I think he went undercover and is working on a new pellet thieving scheme


----------



## smwilliamson (Jun 19, 2013)

webbie said:


> The answer is simple - you stop logging in and lose the bookmark. At worst, you will get one email a year....which you can then yell at me about. Or, change your email here (you can do it yourself) to a dead account or an account you use to garner spam.
> 
> Done......


He does have cameras all over his property...can we say paranoid? Maybe he doesn't want you folks having his private information either. Perhaps even the mods are part of the conspiracy. You bastards.


----------



## BrotherBart (Jun 19, 2013)

smwilliamson said:


> Perhaps even the mods are part of the conspiracy. You bastards.


 
The milk in your refrigerator is expired.


----------



## webbie (Jun 19, 2013)

That does it, Scott. I'm going to "Spokeo" you!


----------



## Jags (Jun 19, 2013)

And you are cheating yourself by not brushing your teeth the suggest amount of time in the morning.


----------



## fossil (Jun 19, 2013)

smwilliamson said:


> Maybe he doesn't want you folks having his private information either. Perhaps even the mods are part of the conspiracy.


 
I don't want anyone's private information.  There's already TMI in lots of posts on these forums.


----------



## Jags (Jun 19, 2013)

fossil said:


> I don't want anyone's private information.


 
I don't do any data collection - I just tapped into Delta-T's live video feed.


----------



## Adios Pantalones (Jun 19, 2013)

I bet I could get myself deleted.


----------



## Delta-T (Jun 19, 2013)

Jags said:


> I don't do any data collection - I just tapped into Delta-T's live video feed.

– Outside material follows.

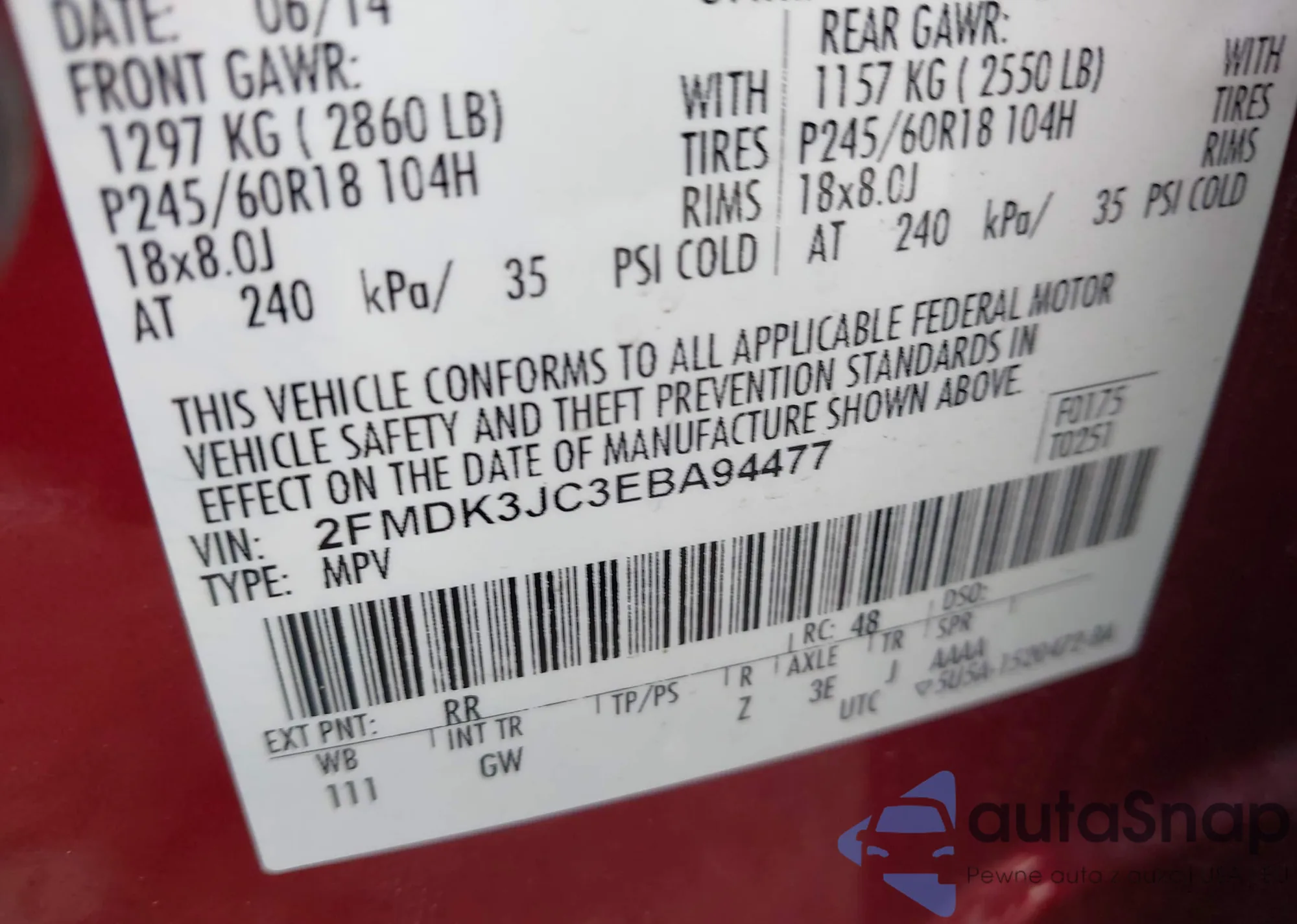 LOT: 43303067 VIN: 2FMDK3JC3EBA94477

I don't care what you think you saw...I was working out...I always wear my mankini when I working out, you know that, right?


----------



## BrotherBart (Jun 19, 2013)

Delta-T said:


> I don't care what you think you saw...I was working out...I always wear my mankini when I working out, you know that, right?


 

What in the world did that thing in the back of the top row of the cabinets to the right of the stove used to be? Ewwww...


----------



## fossil (Jun 19, 2013)

Twinkies.  Deep fried.


----------



## whlago (Jun 19, 2013)

Adios Pantalones said:


> bet I could get myself deleted​


 Don't leave us Gerry Cheevers


----------



## smwilliamson (Jun 20, 2013)

I don't get the Spokeo reference...I'm very uncultured.


----------



## firefighterjake (Jun 20, 2013)

Delta-T said:


> I don't care what you think you saw...I was working out...I always wear my mankini when I working out, you know that, right?


 
Same here . . . it's quite comfortable.


----------



## smoke show (Jun 20, 2013)

firefighterjake said:


> Same here . . . it's quite comfortable.

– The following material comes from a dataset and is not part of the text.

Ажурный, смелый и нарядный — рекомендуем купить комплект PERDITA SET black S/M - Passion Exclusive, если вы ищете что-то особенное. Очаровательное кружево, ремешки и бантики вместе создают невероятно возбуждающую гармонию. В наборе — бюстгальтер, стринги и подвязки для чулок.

There was a dude wearing that get up at the local polar plunge this winter. I guess the shrinkage from the cold water caused the slingshot to shift to the side.  The crappy part about the whole situation was all the children in the audience.


----------



## Jags (Jun 20, 2013)

Delta-T said:


> I don't care what you think you saw...I was working out...I always wear my mankini when I working out, you know that, right?


 
No-no, I have yours blocked for obvious reasons.  I was just linking to the feed that you have on Scott.


----------



## Delta-T (Jun 20, 2013)

GREAT! so much for "super sneaky sneaking" Jags...now I gotta put on my ninja suit, sneak in there, take all my camera junk and find someone else to spy on. A secret agents work is never done.


----------



## Jags (Jun 20, 2013)

Baaa - don't worry about it.  He will never find the wireless camera you mounted in his pet goldfishes eye in the hanging goldfish tank in the bathroom.


----------



## St_Earl (Jun 20, 2013)

what has been seen cannot be unseen! argh.


----------



## smwilliamson (Jun 23, 2013)

smwilliamson said:


> I don't get the Spokeo reference...I'm very uncultured.


ok, found it...that's kinda scary and reassuring all at the same time


----------